In Defined Benefit Plan, employees derive benefits at the time of retirement using a formula. The determinants used in this calculation include final average salary of the employees, their age, and the number of years they have been working. The employees of tertiary sector, who take on the Defined Benefit Plan pool and invest their superannuation contribution in the selection of assets identified by the company (Clark, 2016). Also, the investment performance of the asset portfolio is immaterial and does not impact their final retirement payout (Alizadeh, T. and Farid, R., (2017). This is because employees’ benefit layout is exclusively computed by the formula and their risk of investment is borne by the company itself.

Defined Benefit Plan and its features

The employees in tertiary sector consider various factors when they are deciding whether to place their superannuation contributions in the Defined Benefit Plan. The degree to which the employees consider each factor plays a significant role in taking right decision (Tomlinson, 2017). These include assessment of costs related to transfer of risk, the amount and security of benefits, control over the benefits derived, investment risk behaviour, confidence in selecting investment strategy, and the most important is the knowledge of the implications of the choice made. In addition to this, some personal characteristics are also taken into account, such as sex, age, academic discipline, and financial aptitude in superannuation (Anderson et al., 2017).

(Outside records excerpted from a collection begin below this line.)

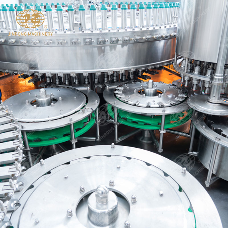 3. 灌裝:在接下來的工作站,經過定量灌裝設備,將碳酸飲料按照預設的容量精確地灌裝入瓶子中。灌裝設備通常采用重力式下料或者壓力式下料,保證了灌裝的準確性和穩(wěn)定性。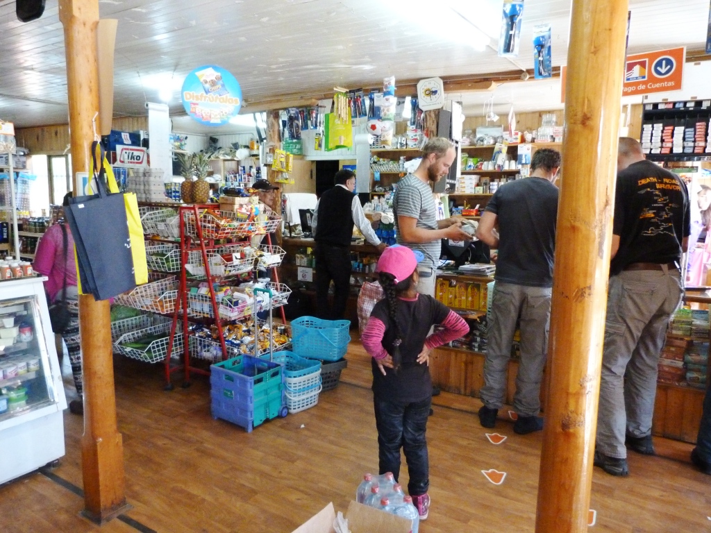 Von der Küste geht es die gleiche Strecke – es gibt nur diese eine Schotterpiste durch den Urwald – vorbei an den kleinen Schaf- und Rinderfarmen zurück nach La Junta, wo wir im Dorfladen unseren Proviant aufstocken. Gemüse und frisches Obst sind Mangelware; wenn nicht gerade der wöchentliche oder monatliche LKW aus Puerto Montt eine frische Ladung gebracht hat, ist außer Zwiebeln nicht viel zu bekommen. Stattdessen führt der kleine Laden mindestens dreißig verschiedene Putzmittel für den Haushalt.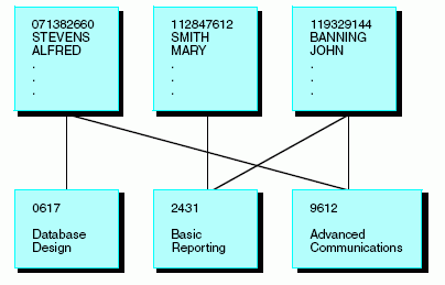 Consider the EMPINFO segment in the EMPLOYEE data source and the CLASSES segment in a hypothetical SCHOOL data source. Each instance of EMPINFO describes one employee, and each instance of CLASSES describes one course. Each employee can take many courses, and many employees can take each course, so this is a many-to-many relationship. This type of relationship is illustrated in the following diagram.
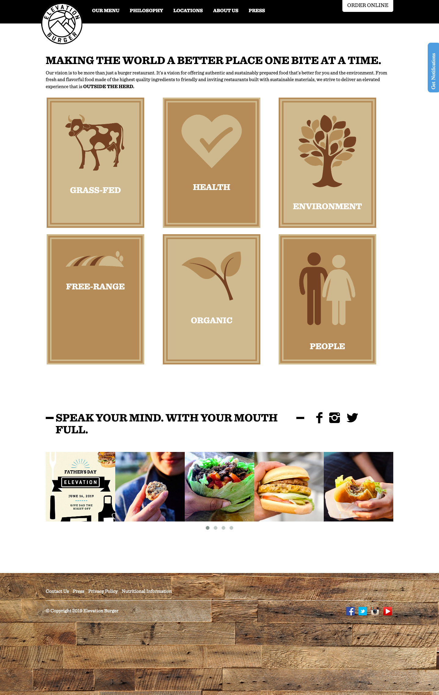 Elevation Burger was originally conceived in 2002. Our founder, Hans Hess, couldn’t find the burger he’d been dreaming about since he left California in 1999. (…) Driven by a passion for good food that’s organic, sustainable and fresh, Elevation Burger began franchising in 2008. — Elevation Burger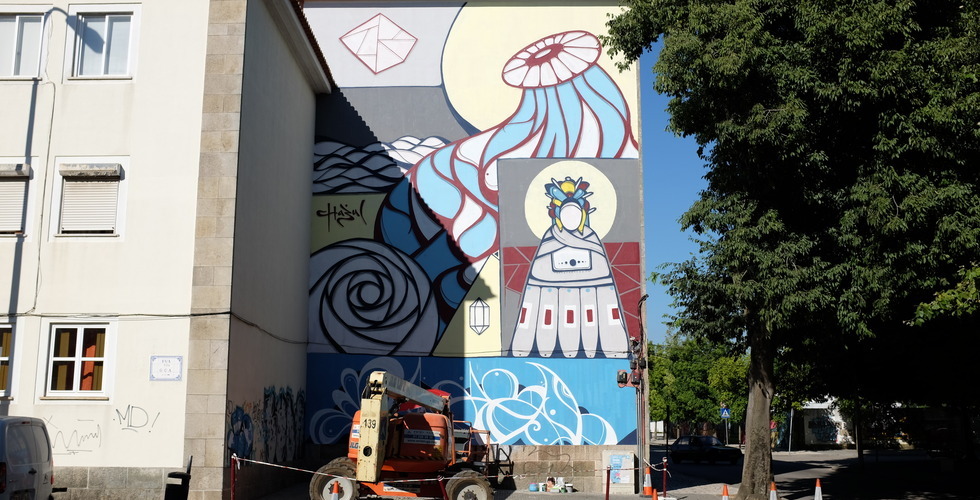 Corações, muitos corações, nossas senhoras, todo um imaginário que nos remete para o nosso Portugal tradicional. Nesta criação urbana surgem de forma inesperada imagens quase simbólicas que nos fazem lembrar uma tradição gótica ou românica, herméticas, fortes e bem marcantes.” (fonte: Walk&Talk 2012)

Risk transfer costs are basically the type of cost related with the risk that transfer from the employer to employees in the shifting of employees from a defined benefit plan to a accumulation plan (Nikolakakis et al., 2017). Moreover, the cost of becoming informed is also covered in the cost of risk transfer. In order to make the initial choice, this cost includes time consumed to acquire, read, and understand relevant material or obtaining professional advices from financial proficient. Sometimes, this cost is extended to the cost of not becoming knowledgeable, which leads to adopting uninformed preferences or incorrect choices. In this context, worker characteristics as well as types of risks shifted to the employees are contributory factors to the variations in the expected value of benefits obtained from DBP (Ronald et al., 2017). Age at the beginning of the employment, years of service, salary during the course of employment and at the time of retirement, and endurance post-retirement are included in the characteristics of workers. The significant risks which result in variations in the expected values of DFP, and accumulation plans are usually linked with changing jobs and monetary market.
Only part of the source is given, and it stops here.